SDKs
Llamaindex
Firecrawl integrates with LlamaIndex as a document reader.
Installation
pip install firecrawl-py
Usage
Using FireCrawl to Gather an Entire Website
from llama_index.readers.web import FireCrawlWebReader
# Initialize FireCrawlWebReader to crawl a website
firecrawl_reader = FireCrawlWebReader(
api_key="<your_api_key>", # Replace with your actual API key from https://www.firecrawl.dev/
mode="scrape", # Choose between "crawl" and "scrape" for single page scraping
params={"additional": "parameters"} # Optional additional parameters
)
# Load documents from a single page URL
documents = firecrawl_reader.load_data(url="http://paulgraham.com/")
index = SummaryIndex.from_documents(documents)
# Set Logging to DEBUG for more detailed outputs
query_engine = index.as_query_engine()
response = query_engine.query("What did the author do growing up?")

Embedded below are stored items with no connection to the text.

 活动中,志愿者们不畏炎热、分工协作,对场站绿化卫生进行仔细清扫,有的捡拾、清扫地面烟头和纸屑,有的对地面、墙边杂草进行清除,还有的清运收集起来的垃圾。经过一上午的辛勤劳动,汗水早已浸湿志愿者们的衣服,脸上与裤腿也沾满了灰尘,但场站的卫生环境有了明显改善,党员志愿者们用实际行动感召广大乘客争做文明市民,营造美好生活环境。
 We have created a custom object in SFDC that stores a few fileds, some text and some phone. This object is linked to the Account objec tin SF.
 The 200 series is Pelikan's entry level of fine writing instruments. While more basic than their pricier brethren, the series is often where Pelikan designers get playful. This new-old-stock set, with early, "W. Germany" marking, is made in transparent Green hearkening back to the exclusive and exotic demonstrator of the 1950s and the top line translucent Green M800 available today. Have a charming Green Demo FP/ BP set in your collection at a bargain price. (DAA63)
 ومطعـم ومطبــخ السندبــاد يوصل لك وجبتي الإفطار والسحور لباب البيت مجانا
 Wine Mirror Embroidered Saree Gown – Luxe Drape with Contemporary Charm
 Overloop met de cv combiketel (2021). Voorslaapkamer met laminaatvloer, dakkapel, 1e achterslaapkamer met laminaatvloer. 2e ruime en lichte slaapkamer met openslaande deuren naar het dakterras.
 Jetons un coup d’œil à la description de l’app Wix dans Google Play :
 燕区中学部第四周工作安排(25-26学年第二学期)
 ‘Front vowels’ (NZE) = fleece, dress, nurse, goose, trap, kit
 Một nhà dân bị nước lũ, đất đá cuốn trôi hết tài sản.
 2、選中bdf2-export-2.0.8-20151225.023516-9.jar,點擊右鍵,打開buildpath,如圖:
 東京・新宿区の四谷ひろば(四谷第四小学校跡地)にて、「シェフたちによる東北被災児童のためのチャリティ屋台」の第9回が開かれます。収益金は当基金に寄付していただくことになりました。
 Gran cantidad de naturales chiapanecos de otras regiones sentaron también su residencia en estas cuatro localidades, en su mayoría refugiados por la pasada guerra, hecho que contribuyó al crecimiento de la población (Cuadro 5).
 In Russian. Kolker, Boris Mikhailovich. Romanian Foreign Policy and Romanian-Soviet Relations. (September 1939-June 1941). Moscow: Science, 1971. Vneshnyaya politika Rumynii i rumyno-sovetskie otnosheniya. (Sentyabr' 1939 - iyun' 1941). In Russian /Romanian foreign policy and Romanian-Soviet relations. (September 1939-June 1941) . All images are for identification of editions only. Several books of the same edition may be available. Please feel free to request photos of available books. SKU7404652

display(Markdown(f"<b>{response}</b>"))
Using FireCrawl to Gather a Single Page
from llama_index.readers.web import FireCrawlWebReader
# Initialize the FireCrawlWebReader with your API key and desired mode
firecrawl_reader = FireCrawlWebReader(
api_key="<your_api_key>", # Replace with your actual API key from https://www.firecrawl.dev/
mode="scrape", # Choose between "crawl" and "scrape"
params={"additional": "parameters"} # Optional additional parameters
)
# Load documents from a specified URL
documents = firecrawl_reader.load_data(url="http://paulgraham.com/worked.html")
index = SummaryIndex.from_documents(documents)
# Set Logging to DEBUG for more detailed outputs
query_engine = index.as_query_engine()
response = query_engine.query("What did the author do growing up?")
display(Markdown(f"<b>{response}</b>"))